The bar to become a member is low, and while comments are scrutinized and can be flagged, votes aren't.
And let me be honest: even I vote for or against topics that I wouldn't write for or against.
I think this is often observed in elections as well were people will give a secret vote to something they agree with even if they aren't ready to face their families about it.
FTR: I think the system tries to mitigate this to some degree. I don't think all votes are created equal here.
> Might there be something interesting to learn here?
Absolutely :-)
As it is on most any other site. And depending on who signs up and participates on which each site, you end up with some sort of an average intelligence level per site. HN's I suspect would be rather close to the top.
> and while comments are scrutinized and can be flagged, votes aren't.
Indeed they aren't, which is my point.
> I think this is often observed in elections as well were people will give a secret vote to something they agree with even if they aren't ready to face their families about it.
And one might expect the same to occur here, but does it, and to what degree?

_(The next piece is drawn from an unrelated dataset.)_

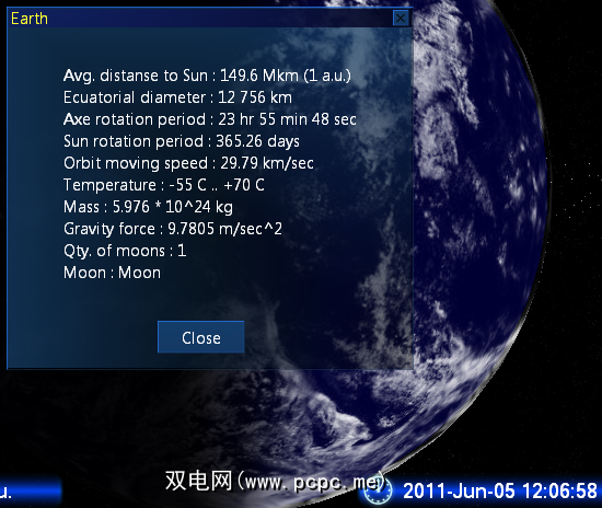 在此建模软件中单击任何行星都会弹出有关该行星的信息,包括轨道旋转速度,太阳旋转,重力,卫星等。

Is there more, less, or identical diversity of cultural/political beliefs in the general public, or on HN? Based on many years reading comments (particularly dimmed-due-to-downvotes ones, and responses to them) here, I have a feeling that there is less diversity of thought here.
Knowing such things with high levels of accuracy would require a form of omniscience, but that doesn't mean that nothing can be gleaned from user behavior on HN, or any sit for that matter.
>> Might there be something interesting to learn here?
> Absolutely :-)
What sorts of things do you think we could learn if one had access to the HN voting data?